8.9.[120] Была уже поздняя ночь, когда я позвонил у ворот. Прошло немало времени, пока не появился — явно из глубины двора — кастелян и не открыл мне.
8.10. — Господин просит пожаловать, — сказал слуга, склонился и бесшумным толчком отворил высокую стеклянную дверь.
Граф чуть ли не бегом спешил мне навстречу от своего письменного стола, стоявшего у открытого окна. Мы взглянули друг другу в глаза, его жесткий взгляд неприятно поразил меня.
8.11. Я лежал на земле под стеной и корчился от боли, мне хотелось завернуться в эту влажную землю. Егерь стоял около меня, слегка наступив мне одной ногой на поясницу.
— Порядочная туша, — сказал он загонщику, разрезавшему на мне воротник и куртку, чтобы ощупать меня.
Уже утомившиеся мной и жаждавшие новых дел собаки бессмысленно наскакивали на стену. Подъехала повозка; связанный по рукам и ногам, я был брошен на заднее сиденье к господину так, что мои голова и руки свешивались наружу. Ехали весело; умирая от жажды, я хватал раскрытым ртом высоко клубившуюся пыль; время от времени я слышал на своих икрах радостные пожатия господина.
8.12. Кого несу я на моих плечах? Что за призраки повисли на мне?
8.13. Был ненастный вечер; я увидел, как из кустов выбирается маленький дух.

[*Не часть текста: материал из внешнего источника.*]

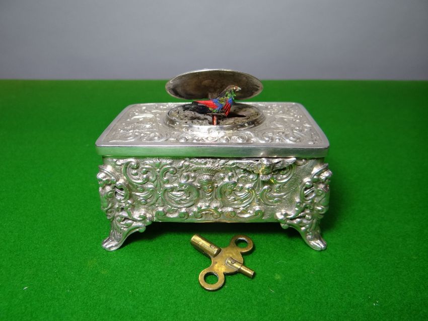 A German EPNS singing-bird automaton, the case highly embossed in the Baroque style with scrolls, masks and with figural corner supports, the oval lid operated by a key and a sliding bird to the obverse, EB initials to the base, believed to be for Emil Brenck, 4 ins wide (10 cms) (Condition: working intermittently, structurally sound and complete with key, bird chirps but wings of bird do not flap)

Ворота захлопнулись, и я остался с ним с глазу на глаз.
8.14. Лампа разлетелась на куски, вошел незнакомый мужчина с новым светильником, я встал, вместе со мной поднялись мои домочадцы, мы поклонились, на это не обратили внимания.
8.15. Разбойники связали меня, и я лежал там, неподалеку от костра атамана.
8.16. Пустые поля, пустые пространства, сквозь туман — бледная зелень луны.
8.17. Он покидает дом, он оказывается на улице, лошадь готова, слуга держит стремя, он скачет в гулкой пустоте.